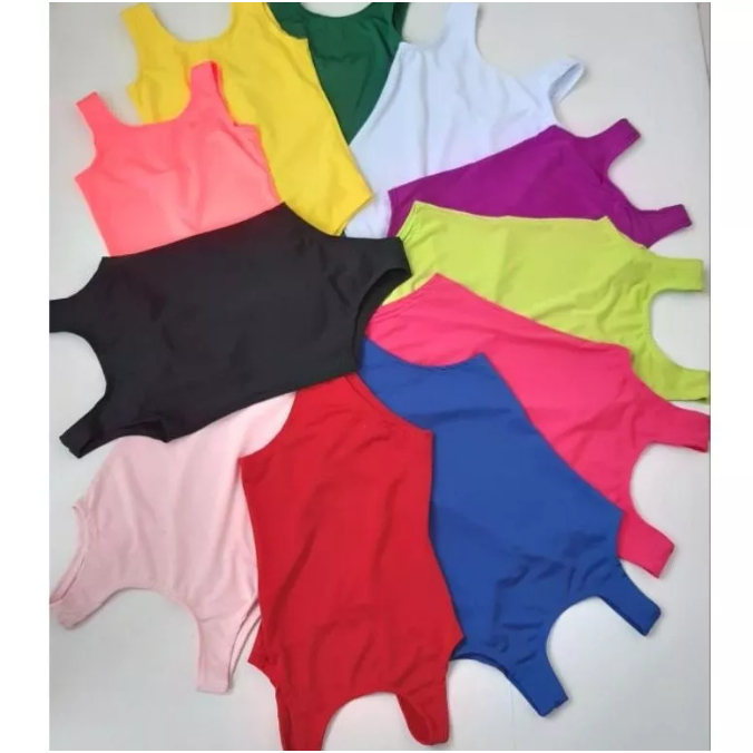 Body Infantil / Collant Regata Colorido Liso Preto Branco Rosa Pink Verde Vermelho Amarelo Azul Maio Ballet Dança Balé
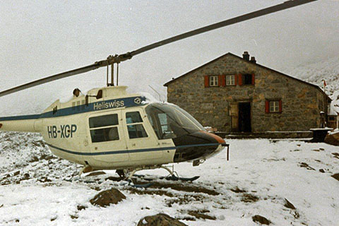 | HB-XCP the 1st Heliswiss Jet Ranger at Bern-Belp - Photo by Paul Schuepbach © Aug-68 | HB-XCP of Heliswiss in the original livery at Es-cha Cabin - Photo by Roland Küng © 1970 |
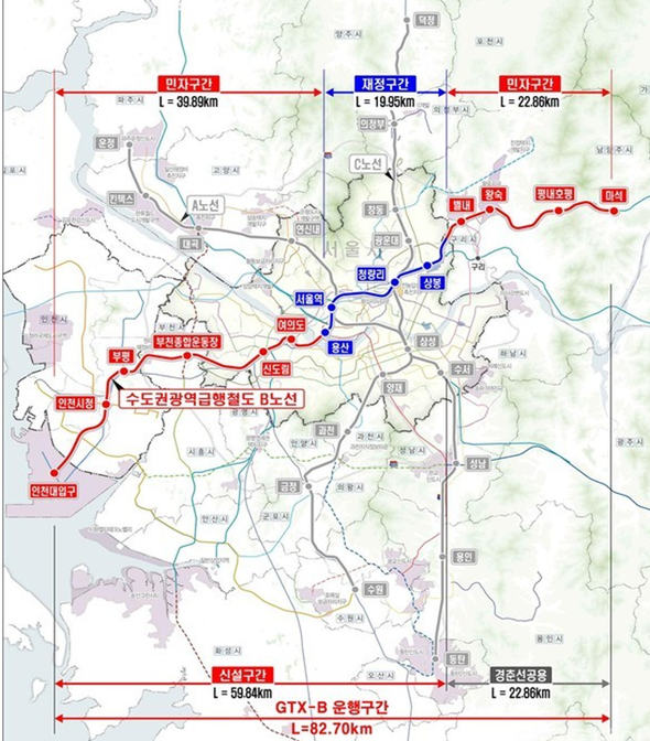 우선. 인천을 가는 GTX B 라인을 보겠습니다.

* * * * *

## EXERCISE INSTRUCTIONS
The answer is the full listing above, reproduced character for character, minus its images.

## RESPONSE BELOW
 Body Infantil / Collant Regata Colorido Liso Preto Branco Rosa Pink Verde Vermelho Amarelo Azul Maio Ballet Dança Balé
 | HB-XCP the 1st Heliswiss Jet Ranger at Bern-Belp - Photo by Paul Schuepbach © Aug-68 | HB-XCP of Heliswiss in the original livery at Es-cha Cabin - Photo by Roland Küng © 1970 |
 우선. 인천을 가는 GTX B 라인을 보겠습니다.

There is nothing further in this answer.